Mais uma noite em claro. Prática como sou aproveitei as horas em claro para organizar uma lista do que tinha que fazer durante o dia, além é claro de colocar a bagagem nas malas. Seria uma longa sexta feira pois o vôo da American Airlines iria decolar às 22h30.
Previsão de chegada em Brasília às 9 da manhã, mais 3 horas de carro até Goiânia. Recebemos a instrução de ir em casa e tomar um banho antes de ir ao hospital pois ambiente de aeroporto e avião tem bactérias e germes demais.
Uma hora da tarde estávamos na UTI para ver mamãe.
A imagem daquela senhorinha frágil e encolhida na cama da UTI foi de cortar o coração. Muito diferente da pessoa que um mês antes havia viajado sozinha para São Paulo para visitar os dois filhos que moram lá.
Ela havia me pedido a passagem aérea de presente de Natal.
Ela sempre gostou de viajar e passou para os filhos a importância de ter mente aberta. Aos 72 anos, minha mãe viajou sozinha em umas férias curtas para o Chile onde não conhece vivalma.
Filha de família pobre no interior de Goiás, D. Carmem passou a infância às margens do Parnaíba, em uma casinha de pau-a-pique.
Sem nenhum incentivo para isso, se afeiçoou aos livros, obtidos com dificuldade e lidos com a escassa luz de lamparina, sob as broncas do pai, preocupado com o consumo de querosene, coisa de luxo naquela época.
Aos 20 anos, seu primeiro parto foi de gêmeos, que morreram com menos de duas semanas de vida.
A próxima fui eu, doentinha e franzina. Nada parava no estômago da menina fragilzinha, sempre ameaçando ir seguir o mesmo caminho dos primogênitos.
Apavorada, D. Carmem tentou de tudo para dar sobrevida ao seu bebê. A eficiência da alquimia utilizada me garantiu um estômago de ema!

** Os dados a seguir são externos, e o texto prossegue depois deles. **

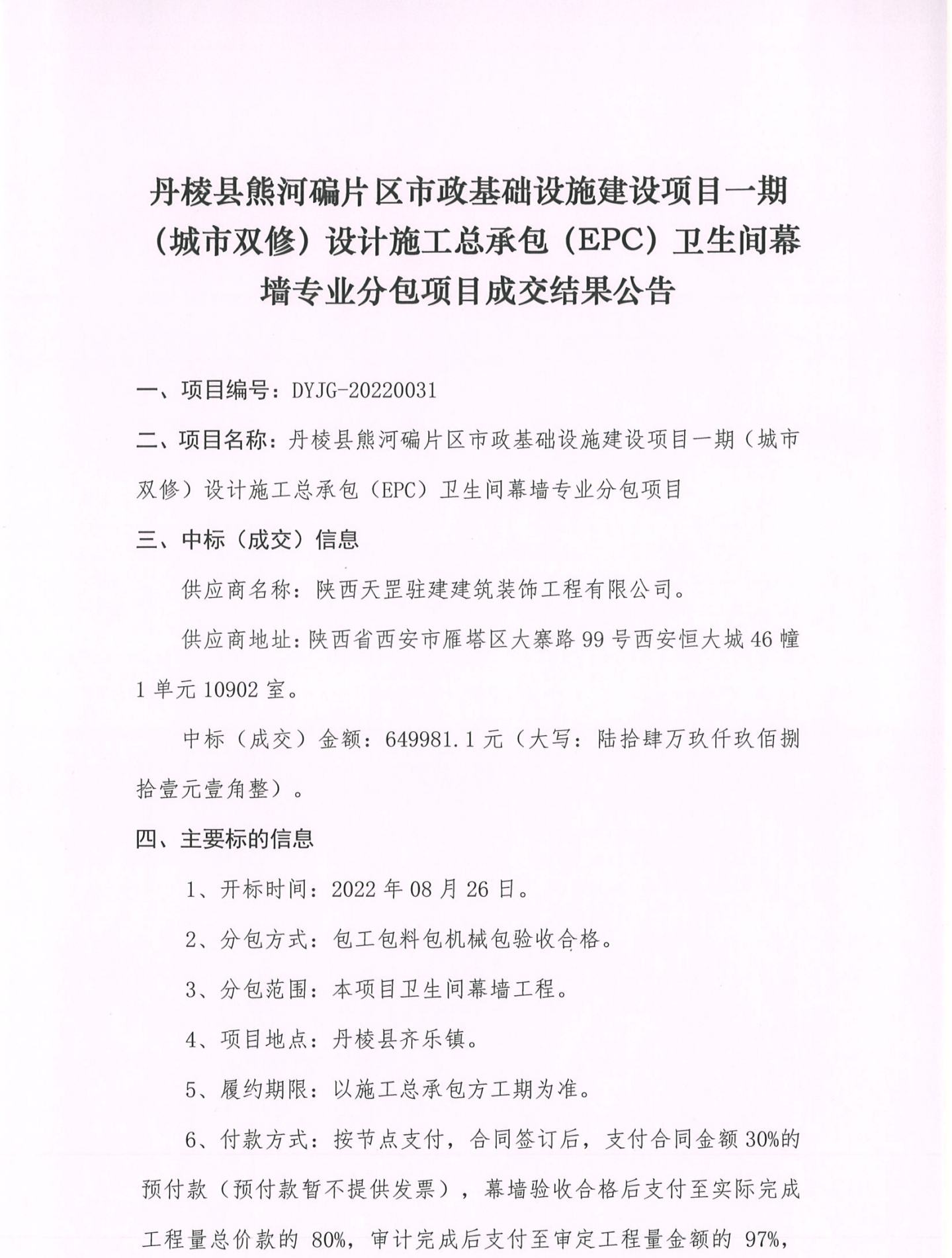 丹棱縣熊河碥片區(qū)市政基礎(chǔ)設(shè)施建設(shè)項(xiàng)目一期(城市雙修)設(shè)計(jì)施工總承包(EPC)衛(wèi)生間幕墻專業(yè)分包項(xiàng)目成交結(jié)果公告

No total, oito filhos povoam a vida de D. Carmem, cada qual com sua série de filhos, garantindo muita gente à sua volta na sua terceira idade (ai de quem falar em velhice). O coração grande não se contentou com os oito filhos. Em tempos muito difíceis adotou uma afilhada, que considera como filha e que morou conosco desde os quatro anos de idade.
Quando apresentei a ela meu candidato a marido, ela se afeiçoou por ele de imediato e o adotou também.
O Beto e ela dividem o amor por livros e plantas.
Pois foi essa guerreira que estava na cama da UTI, meio confusa, meio lúcida, com os braços cheios de hematomas, a mão redonda de tão inchada.
Nos primeiros dias pós AVC é normal uma forte agitação do paciente, então ela estava amarrada na cama. Por determinação do médico estava sem a prótese dentária, uma espécie de de dentadura só que sustentada em implantes.
A falta dos dentes a deixava muito mais velha. Mamãe sempre foi muito vaidosa e jamais nos deixava vê-la sem sua prótese.
Perguntou se fomos bem de viagem e se o Sérgio, meu irmão caçula havia voltado da China. Pediu uma água gelada e um café quente. É claro que não podíamos atender nenhum dos dois pedidos.
Ficamos por dez minutos na UTI e fomos embora. Lá fora desabei de vez. O Christiano da The1 estava comigo e me abraçou carinhosamente.
Deus foi muito bondoso ao inventar as lágrimas pois chorar descomprime o peito e funciona como um banho de água morna: não cura a dor mas reconforta.
Já na sala reservada que a The1 mantém para seus clientes fui recuperando o controle. Tinha sido um golpe duro de aguentar, mesmo eu, um poço de racionalidade segundo meu marido.